BEGIN Data for this exercise

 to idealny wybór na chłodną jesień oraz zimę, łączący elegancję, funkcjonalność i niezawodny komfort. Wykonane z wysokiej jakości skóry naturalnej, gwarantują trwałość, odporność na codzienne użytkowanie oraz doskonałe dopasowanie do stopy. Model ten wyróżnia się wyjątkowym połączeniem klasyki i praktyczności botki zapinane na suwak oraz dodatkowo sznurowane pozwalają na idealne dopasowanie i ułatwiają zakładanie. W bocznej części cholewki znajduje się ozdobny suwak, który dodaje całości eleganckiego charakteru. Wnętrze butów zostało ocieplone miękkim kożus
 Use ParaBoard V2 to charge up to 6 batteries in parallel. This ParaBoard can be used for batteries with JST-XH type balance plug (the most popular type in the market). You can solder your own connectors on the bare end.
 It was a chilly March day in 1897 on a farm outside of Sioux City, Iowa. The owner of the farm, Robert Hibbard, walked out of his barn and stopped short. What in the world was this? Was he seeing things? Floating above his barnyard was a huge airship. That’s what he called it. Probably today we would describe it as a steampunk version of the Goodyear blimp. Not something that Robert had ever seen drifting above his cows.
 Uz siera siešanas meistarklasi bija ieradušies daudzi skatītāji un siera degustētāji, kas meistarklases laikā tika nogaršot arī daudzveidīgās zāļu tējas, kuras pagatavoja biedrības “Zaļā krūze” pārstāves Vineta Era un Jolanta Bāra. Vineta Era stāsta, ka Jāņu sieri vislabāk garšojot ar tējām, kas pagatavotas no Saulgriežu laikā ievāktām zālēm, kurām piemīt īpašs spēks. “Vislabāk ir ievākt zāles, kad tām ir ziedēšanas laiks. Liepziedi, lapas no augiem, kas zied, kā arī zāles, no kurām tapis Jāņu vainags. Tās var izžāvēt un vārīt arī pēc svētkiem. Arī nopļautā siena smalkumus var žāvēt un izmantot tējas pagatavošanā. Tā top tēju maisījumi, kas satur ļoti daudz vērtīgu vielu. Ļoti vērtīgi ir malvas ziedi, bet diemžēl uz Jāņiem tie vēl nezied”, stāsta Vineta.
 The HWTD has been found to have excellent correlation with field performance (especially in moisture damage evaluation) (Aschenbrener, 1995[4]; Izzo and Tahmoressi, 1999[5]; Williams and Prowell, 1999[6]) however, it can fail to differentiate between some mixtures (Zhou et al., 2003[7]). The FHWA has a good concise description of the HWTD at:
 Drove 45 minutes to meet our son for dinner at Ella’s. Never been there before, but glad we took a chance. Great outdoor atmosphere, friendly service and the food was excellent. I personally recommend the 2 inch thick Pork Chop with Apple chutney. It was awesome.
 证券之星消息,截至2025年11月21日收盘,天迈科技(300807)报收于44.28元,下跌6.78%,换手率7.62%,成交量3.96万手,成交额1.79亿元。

END Data for this exercise

- **Your assignment**: Search the entries for the word "been". Copy each line where it appears.

- **Answer for the task**:
 The HWTD has been found to have excellent correlation with field performance (especially in moisture damage evaluation) (Aschenbrener, 1995[4]; Izzo and Tahmoressi, 1999[5]; Williams and Prowell, 1999[6]) however, it can fail to differentiate between some mixtures (Zhou et al., 2003[7]). The FHWA has a good concise description of the HWTD at:
 Drove 45 minutes to meet our son for dinner at Ella’s. Never been there before, but glad we took a chance. Great outdoor atmosphere, friendly service and the food was excellent. I personally recommend the 2 inch thick Pork Chop with Apple chutney. It was awesome.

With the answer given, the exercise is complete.